(The records Opens)
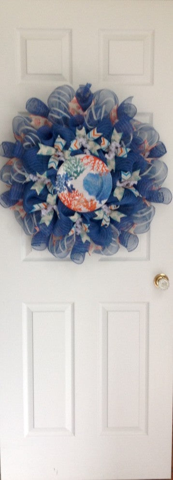 Full! New! Premium! Handmade All Season Deco Mesh Beach or Coastal Wreath. A beautiful, colorful, shatter proof, decorative plate rests on a bed of sea blue jute deco mesh. The plate is textured, like sea ripples, and is decorated with colorful coral patterns. Adorable turquoise coral printed ribbons and gray, turquoise, coral chevron ribbons surround the center. The outside wreath is made of sea blue jute deco mesh with white stripes. Blue flutes and orange coral ribbons surround the outside of the wreath. The size 24 inch diameter and 6 inches deep. See photo for size comparison.
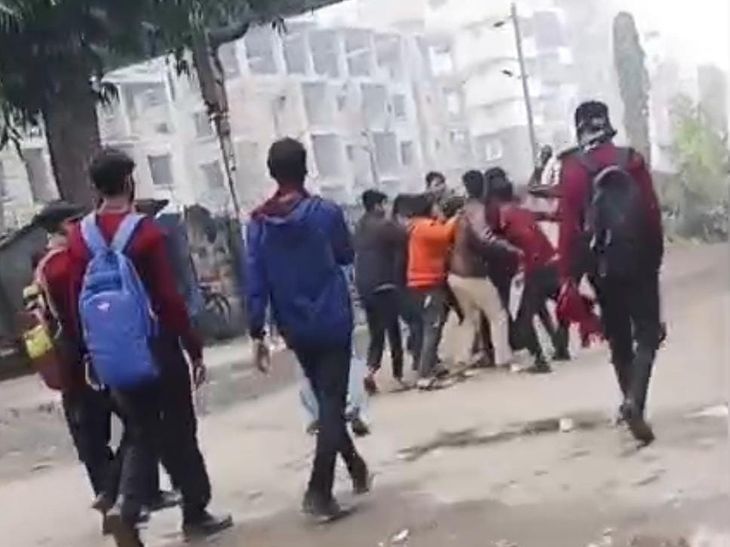 मारपीट के दौरान का एक स्क्रीनशॉट वायरल वीडियो से लिया गया है, जिसमें छात्रों के बीच की तीखी बहस और शारीरिक संघर्ष को स्पष्ट रूप से देखा जा सकता है। इस प्रकार की हिंसक घटनाएं शिक्षण संस्थानों के लिए एक गंभीर चिंता का विषय बन गई हैं।
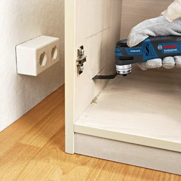 Akku-Multi-Cutter GOP 12V-28, Dieses Akku-Multifunktionswerkzeug ist die kompakteste Lösung im Bosch Starlock Segment. Seine einzigartige Starlock-Schnittstelle mit einer optimierten dreidimensionalen Kraftschlussverbindung zwischen Maschine und Zubehör sorgt für eine größtmögliche Kraftübertragung und damit für einen schnelleren Arbeitsfortschritt. Dank kleinstem Griffumfang ist dieses Multifunktionswerkzeug sehr ergonomisch und benutzerfreundlich. Darüber hinaus sorgt das geringe Gewicht für einen hohen Bedienkomfort und eine einfache Handhabung. Dieses Elektrowerkzeug eignet sich für Trockenbau-, Kücheneinbau- sowie Schleifarbeiten. Es kann für Holz, Plastik und Metall eingesetzt werden. Es ist kompatibel mit dem Starlock-System. Dieses Multifunktionswerkzeug verfügt außerdem über Funktionen wie konstante Drehzahl, eine Magnethalterung, Softgrip und Drehzahlvorwahl. 1 x Starlock BIM Tauchsägeblatt AIZ 32 APB, Wood + Metal, Curved-Tec (2 608 661 644). L-BOXX 102 (1 600 A01 2FZ)
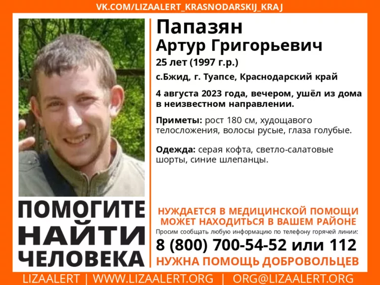 Если вам что-либо известно о месте нахождения Артура Папазяна, просьба сообщить по телефону горячей линии поискового отряда “Лиза Алерт” 8-800-700-54-52 или 112.
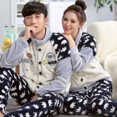 新款法兰绒长袖情侣睡衣 | 开衫加厚珊瑚绒情侣男女士保暖睡衣套装
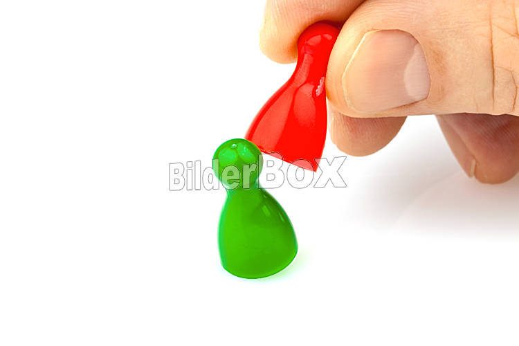 Beschreibung Rote und grÌne Spielfiguren. Mobbing, Einsamkeit und Außenseiter im Team.
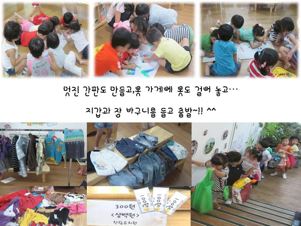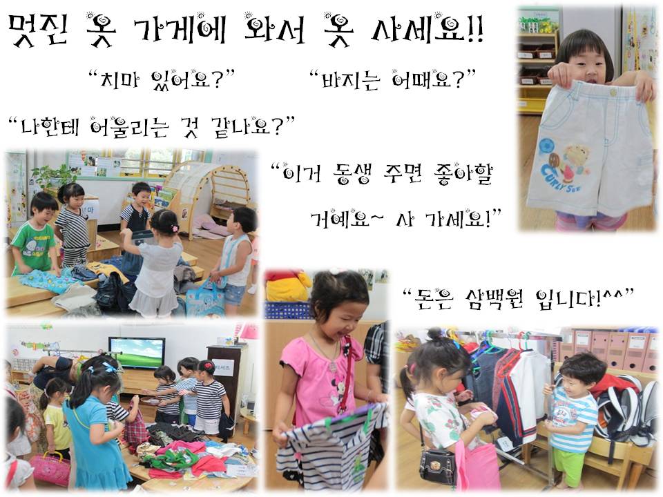 어떤 말을 적으면 사람들이 많이 사러 올까요?" "멋진 옷가게?" "예쁜 옷이 많으니까 예쁜 옷가게." "모두 다 오라고 다 오세요~가게는 어때?" 아이들은 의견을 모아 <멋진 옷가게> <예쁜 옷가게>로 정하고 힘을 합하여 간판을 완성하여 문 앞에 걸어둡니다.
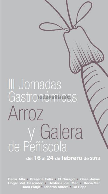 Del 16 al 24 de febrero se celebran en Peñíscola las III Jornadas del Arroz y la Galera en las que participan en esta edición diez restaurantes de la Ciudad (Barra Alta, El Caragol, Casa Jaime, Feliu, Hogar del Pescador, Hostería del Mar, Roca-Mar, Roca-Platja, Taberna Ánfora, Tío Pepe).
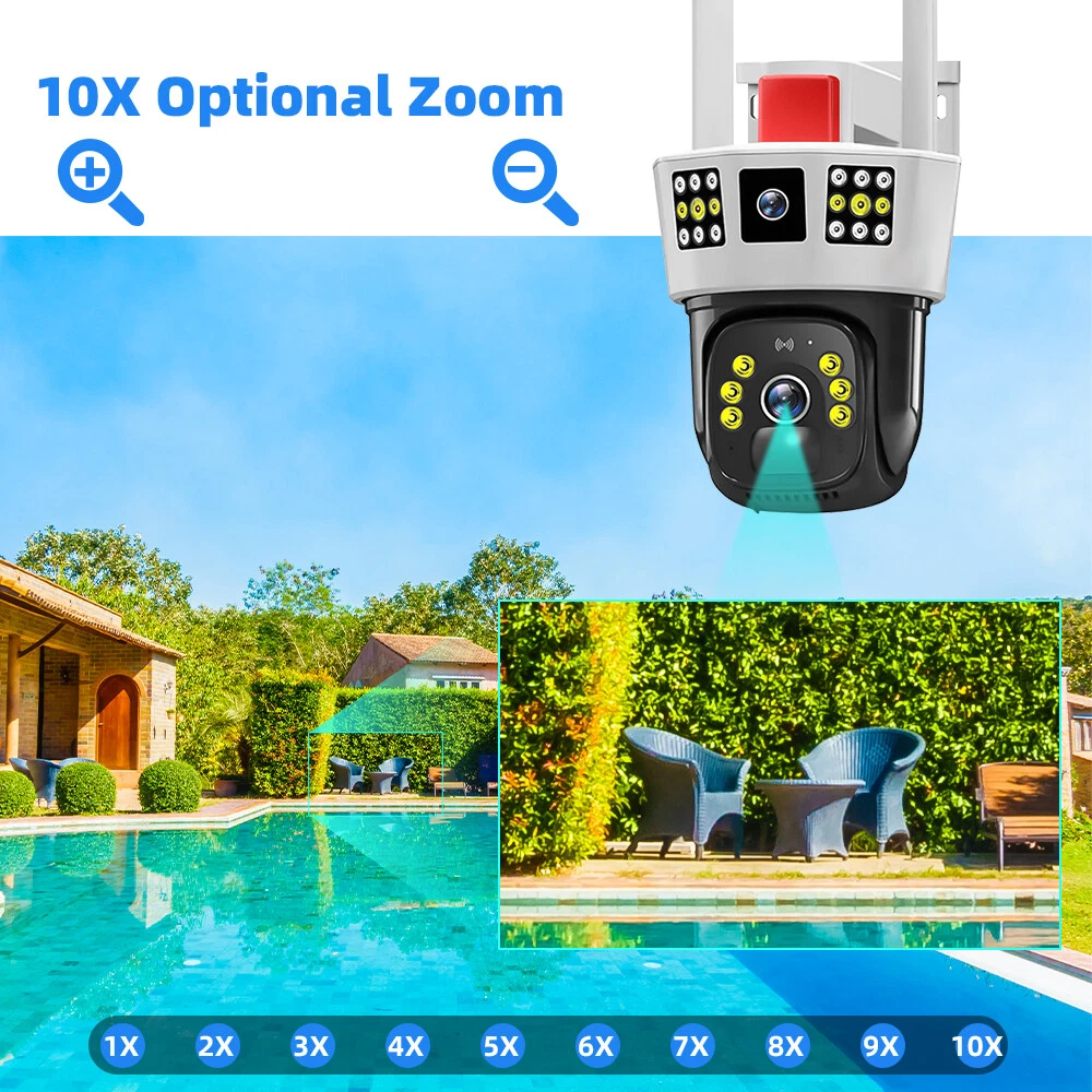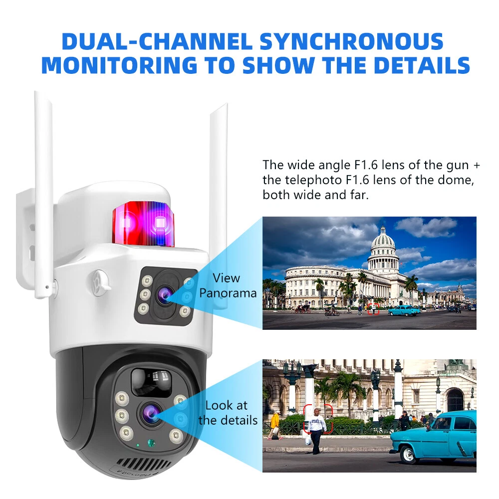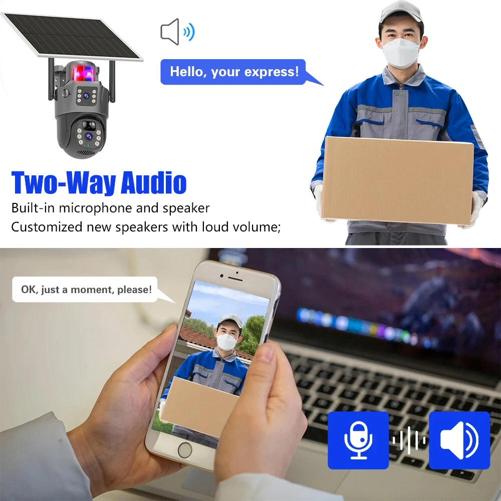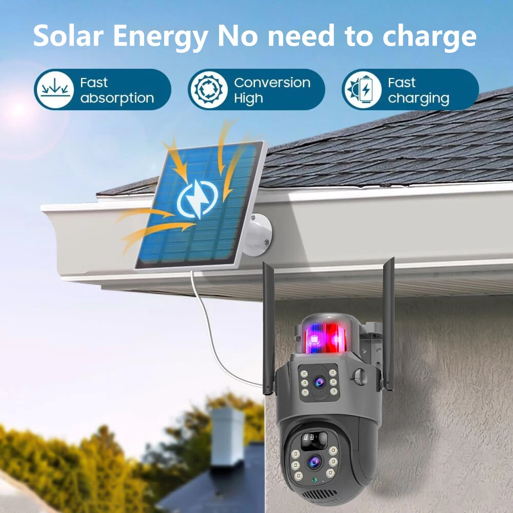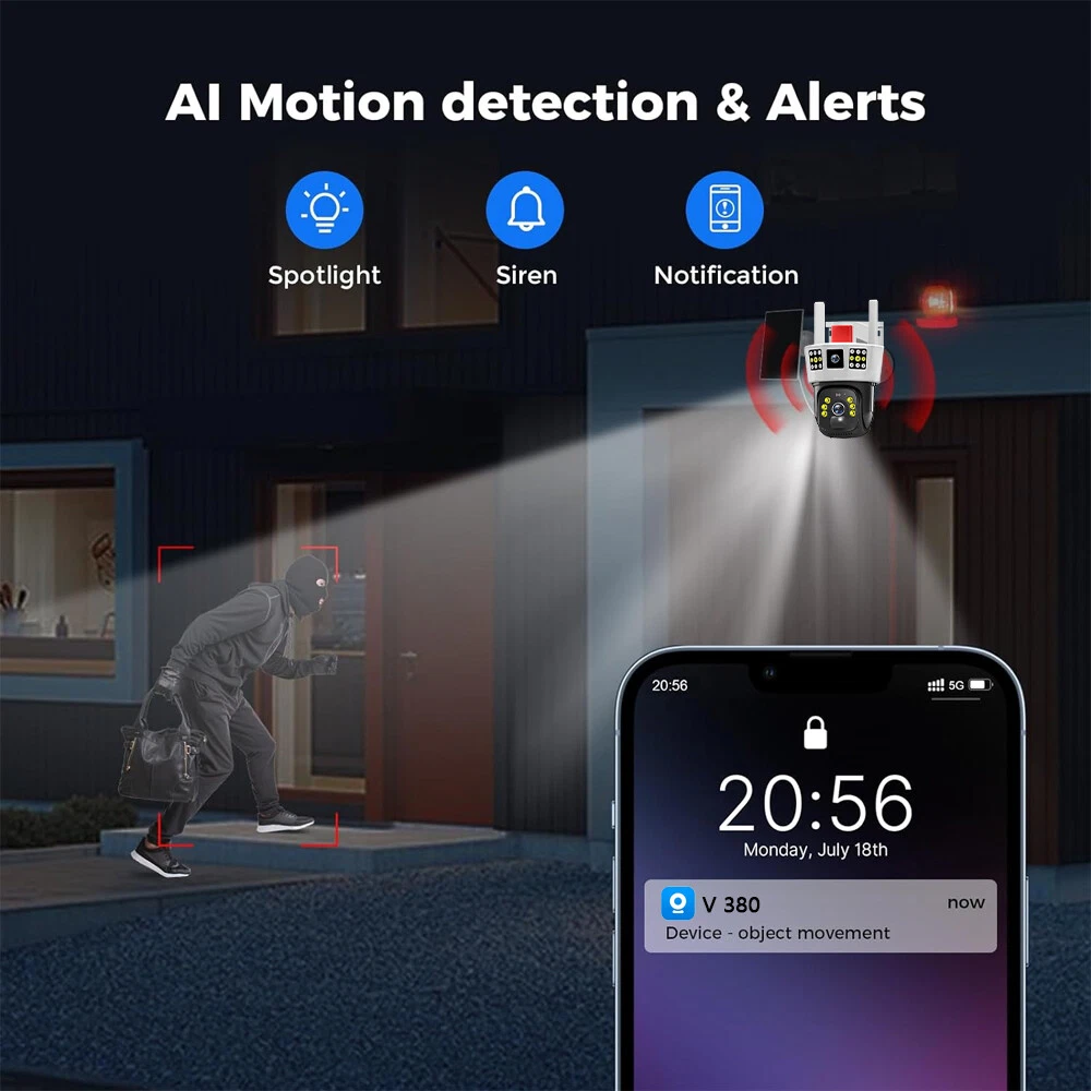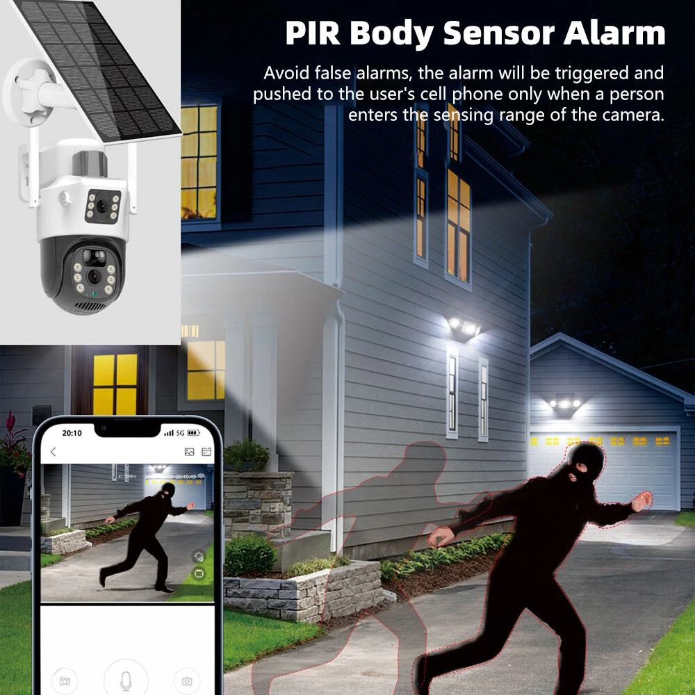 9MP Solar Camera Description Features: dual lens, dual screen viewing Option: WIFI=WIFI 2.4Hz connection 1:3MP+3MP+3MP million pixel outdoor solar monitoring camera 2. High definition: Shoot with a high-definition camera to ensure the effectiveness and quality of video shooting, allowing you to have real-time control of the outdoor environment. 3. Night vision system: optional infrared or color night vision, which can monitor the doorstep in real-time at any time to ensure safe and smooth enjoyment. 4. APP V380 Pro remote operation: functions such as remote operation, photography, and video recording, allowing remote control of the outdoor environment. 5. Voice intercom: With voice intercom function, you can transmit sound to the external environment through your phone or replay the sound to visitors through the device. 6. Custom alerts: supports custom alerts, and when you receive an alert, it will immediately send an alert message to your phone 7. Multi user remote access: Share the same camera with your family, leave everything you protect, and pay more attention to your home. 8. SD card: The maximum size of the SD card is 128GB, 9. Waterproof/Dustproof Ip66: The camera casing is made of high-quality ABS plastic and has waterproof, sunscreen, and dustproof functions. It is suitable for any environment. 10. Motion detection and automatic tracking: After locking the target, the camera will automatically adjust the pan tilt rotation. Track moving objects, cars, pets, humans, and push alert notifications to your smart Phone. Package List: 1x 9MP solar camera 1x bracket 1x solar panel with extension cable 1x installation package 1x instruction manual 1x 32GB card 4MP Solar Camera 3 screens shows on the V380 app Three images can be viewed simultaneously, and each image can be individually enlarged. Real time alerts Set up monitoring areas in advance, conduct actual testing, and promptly push alarm information. IP66 Waterproof / Dustproof The camera is equipped with IP66 case , which is waterproof, sun-proof and dust-proof. It is suitable for any environment. Clear Two Way Audio Built-in microphone and speaker / Customized new speakers with loud volume; You could talk to anyone nears the camera ( Warn someone to leave your house ). Advanced H.265 Video Compression H.265 (HEVC) doubles the coding efficiency compared with its predecessor H.264. H.265 video saves around 50% of the bit rate at the same quality of coding.H.265 only need less bandwidth,faster loading speed,more smooth video,Lower bite rate,higher image quality! 10X Zoom(Both 3 cameras support zoom) you can switch from 1X to 10X zoom instantly;it can fast zoom in or zoom out without lag;watch far and near images Simultaneously through Picture in Picture,don't miss a detail. Full Color Night Vision: When the white LED light is on, the camera will display colorful vision at night, and there are three night modes for you to choose. Ai Human Detect Alert Quickly finds human targets and immediately sends a notification to your phone, letting you see what happens anywhere. It only detects the human shape and will not trigger falsely for objects such as cars and trees. PTZ Control by APP Rotates 355° Horizontally and 90° Vertically.You can control it in the APP directly whenever you want and wherever you are. 6MP Solar Camera Specification: ● Resolution: 4MP; ● iode: 12 x IR white light; ● Night vision: 30m; ● Head: 355° horizontal rotation, 90° vertical rotation; ● PIR infrared sensor: 10m (32ft) 100 degree detection range; ● Battery standby: up to 365 days; ● IP66 outdoor battery camera; ● Cloud storage: supported; requires in-app subscription and payment; ● Local Storage: Supports micro SD card up to 128G (not built-in); ● Multi-viewing: supports sharing to up to 4 families; ● Input/Output: Built-in microphone and speaker; ● Apps: Eseecloud app; please search for this keyword on Google Play or iOS APP Store to download the app; ● Operating time: 10 months based on 3 events triggered per day; ● Operating temperature: -20°C to 60°C (4°F to 140°F); Battery powered+solar charging panel: Built in recyclable rechargeable battery, ultra-low power system optimization, energy saving, durable endurance, and long term standby with solar charging panel Picture in Picture , 8X Digital Zoom you can switch from 1X to 8X digital zoom instantly; it can fast zoom in or zoom out without lag; watch far and near images Simultaneously through Picture in Picture,don't miss a detail. Two-Way Audio Build in speaker and microphone,support clear two way voice speaking AI Auto Tracking When someone passes through the alarm area, the camera will detect the person's movement. And track people. PIR Human Detection When it is found that someone breaks into the monitoring area, the camera will immediately take a picture and push alarm to App. Full Color Night Vision When the white LED light is on, the camera will display colorful vision at night, and there are three night modes for you to choose. PTZ Control by APP Rotates 355° Horizontally and 90° Vertically.You can control it in the APP directly whenever you want and wherever you are. IP66 Waterproof / Dustproof The camera is equipped with IP66 case , which is waterproof, sun-proof and dust-proof. It is suitable for any environment.
(The records Closes)
What is needed
All of the records above should be reproduced exactly, with the pictures left out.

Exercise solution
 Full! New! Premium! Handmade All Season Deco Mesh Beach or Coastal Wreath. A beautiful, colorful, shatter proof, decorative plate rests on a bed of sea blue jute deco mesh. The plate is textured, like sea ripples, and is decorated with colorful coral patterns. Adorable turquoise coral printed ribbons and gray, turquoise, coral chevron ribbons surround the center. The outside wreath is made of sea blue jute deco mesh with white stripes. Blue flutes and orange coral ribbons surround the outside of the wreath. The size 24 inch diameter and 6 inches deep. See photo for size comparison.
 मारपीट के दौरान का एक स्क्रीनशॉट वायरल वीडियो से लिया गया है, जिसमें छात्रों के बीच की तीखी बहस और शारीरिक संघर्ष को स्पष्ट रूप से देखा जा सकता है। इस प्रकार की हिंसक घटनाएं शिक्षण संस्थानों के लिए एक गंभीर चिंता का विषय बन गई हैं।
 Akku-Multi-Cutter GOP 12V-28, Dieses Akku-Multifunktionswerkzeug ist die kompakteste Lösung im Bosch Starlock Segment. Seine einzigartige Starlock-Schnittstelle mit einer optimierten dreidimensionalen Kraftschlussverbindung zwischen Maschine und Zubehör sorgt für eine größtmögliche Kraftübertragung und damit für einen schnelleren Arbeitsfortschritt. Dank kleinstem Griffumfang ist dieses Multifunktionswerkzeug sehr ergonomisch und benutzerfreundlich. Darüber hinaus sorgt das geringe Gewicht für einen hohen Bedienkomfort und eine einfache Handhabung. Dieses Elektrowerkzeug eignet sich für Trockenbau-, Kücheneinbau- sowie Schleifarbeiten. Es kann für Holz, Plastik und Metall eingesetzt werden. Es ist kompatibel mit dem Starlock-System. Dieses Multifunktionswerkzeug verfügt außerdem über Funktionen wie konstante Drehzahl, eine Magnethalterung, Softgrip und Drehzahlvorwahl. 1 x Starlock BIM Tauchsägeblatt AIZ 32 APB, Wood + Metal, Curved-Tec (2 608 661 644). L-BOXX 102 (1 600 A01 2FZ)
 Если вам что-либо известно о месте нахождения Артура Папазяна, просьба сообщить по телефону горячей линии поискового отряда “Лиза Алерт” 8-800-700-54-52 или 112.
 新款法兰绒长袖情侣睡衣 | 开衫加厚珊瑚绒情侣男女士保暖睡衣套装
 Beschreibung Rote und grÌne Spielfiguren. Mobbing, Einsamkeit und Außenseiter im Team.
 어떤 말을 적으면 사람들이 많이 사러 올까요?" "멋진 옷가게?" "예쁜 옷이 많으니까 예쁜 옷가게." "모두 다 오라고 다 오세요~가게는 어때?" 아이들은 의견을 모아 <멋진 옷가게> <예쁜 옷가게>로 정하고 힘을 합하여 간판을 완성하여 문 앞에 걸어둡니다.
 Del 16 al 24 de febrero se celebran en Peñíscola las III Jornadas del Arroz y la Galera en las que participan en esta edición diez restaurantes de la Ciudad (Barra Alta, El Caragol, Casa Jaime, Feliu, Hogar del Pescador, Hostería del Mar, Roca-Mar, Roca-Platja, Taberna Ánfora, Tío Pepe).
 9MP Solar Camera Description Features: dual lens, dual screen viewing Option: WIFI=WIFI 2.4Hz connection 1:3MP+3MP+3MP million pixel outdoor solar monitoring camera 2. High definition: Shoot with a high-definition camera to ensure the effectiveness and quality of video shooting, allowing you to have real-time control of the outdoor environment. 3. Night vision system: optional infrared or color night vision, which can monitor the doorstep in real-time at any time to ensure safe and smooth enjoyment. 4. APP V380 Pro remote operation: functions such as remote operation, photography, and video recording, allowing remote control of the outdoor environment. 5. Voice intercom: With voice intercom function, you can transmit sound to the external environment through your phone or replay the sound to visitors through the device. 6. Custom alerts: supports custom alerts, and when you receive an alert, it will immediately send an alert message to your phone 7. Multi user remote access: Share the same camera with your family, leave everything you protect, and pay more attention to your home. 8. SD card: The maximum size of the SD card is 128GB, 9. Waterproof/Dustproof Ip66: The camera casing is made of high-quality ABS plastic and has waterproof, sunscreen, and dustproof functions. It is suitable for any environment. 10. Motion detection and automatic tracking: After locking the target, the camera will automatically adjust the pan tilt rotation. Track moving objects, cars, pets, humans, and push alert notifications to your smart Phone. Package List: 1x 9MP solar camera 1x bracket 1x solar panel with extension cable 1x installation package 1x instruction manual 1x 32GB card 4MP Solar Camera 3 screens shows on the V380 app Three images can be viewed simultaneously, and each image can be individually enlarged. Real time alerts Set up monitoring areas in advance, conduct actual testing, and promptly push alarm information. IP66 Waterproof / Dustproof The camera is equipped with IP66 case , which is waterproof, sun-proof and dust-proof. It is suitable for any environment. Clear Two Way Audio Built-in microphone and speaker / Customized new speakers with loud volume; You could talk to anyone nears the camera ( Warn someone to leave your house ). Advanced H.265 Video Compression H.265 (HEVC) doubles the coding efficiency compared with its predecessor H.264. H.265 video saves around 50% of the bit rate at the same quality of coding.H.265 only need less bandwidth,faster loading speed,more smooth video,Lower bite rate,higher image quality! 10X Zoom(Both 3 cameras support zoom) you can switch from 1X to 10X zoom instantly;it can fast zoom in or zoom out without lag;watch far and near images Simultaneously through Picture in Picture,don't miss a detail. Full Color Night Vision: When the white LED light is on, the camera will display colorful vision at night, and there are three night modes for you to choose. Ai Human Detect Alert Quickly finds human targets and immediately sends a notification to your phone, letting you see what happens anywhere. It only detects the human shape and will not trigger falsely for objects such as cars and trees. PTZ Control by APP Rotates 355° Horizontally and 90° Vertically.You can control it in the APP directly whenever you want and wherever you are. 6MP Solar Camera Specification: ● Resolution: 4MP; ● iode: 12 x IR white light; ● Night vision: 30m; ● Head: 355° horizontal rotation, 90° vertical rotation; ● PIR infrared sensor: 10m (32ft) 100 degree detection range; ● Battery standby: up to 365 days; ● IP66 outdoor battery camera; ● Cloud storage: supported; requires in-app subscription and payment; ● Local Storage: Supports micro SD card up to 128G (not built-in); ● Multi-viewing: supports sharing to up to 4 families; ● Input/Output: Built-in microphone and speaker; ● Apps: Eseecloud app; please search for this keyword on Google Play or iOS APP Store to download the app; ● Operating time: 10 months based on 3 events triggered per day; ● Operating temperature: -20°C to 60°C (4°F to 140°F); Battery powered+solar charging panel: Built in recyclable rechargeable battery, ultra-low power system optimization, energy saving, durable endurance, and long term standby with solar charging panel Picture in Picture , 8X Digital Zoom you can switch from 1X to 8X digital zoom instantly; it can fast zoom in or zoom out without lag; watch far and near images Simultaneously through Picture in Picture,don't miss a detail. Two-Way Audio Build in speaker and microphone,support clear two way voice speaking AI Auto Tracking When someone passes through the alarm area, the camera will detect the person's movement. And track people. PIR Human Detection When it is found that someone breaks into the monitoring area, the camera will immediately take a picture and push alarm to App. Full Color Night Vision When the white LED light is on, the camera will display colorful vision at night, and there are three night modes for you to choose. PTZ Control by APP Rotates 355° Horizontally and 90° Vertically.You can control it in the APP directly whenever you want and wherever you are. IP66 Waterproof / Dustproof The camera is equipped with IP66 case , which is waterproof, sun-proof and dust-proof. It is suitable for any environment.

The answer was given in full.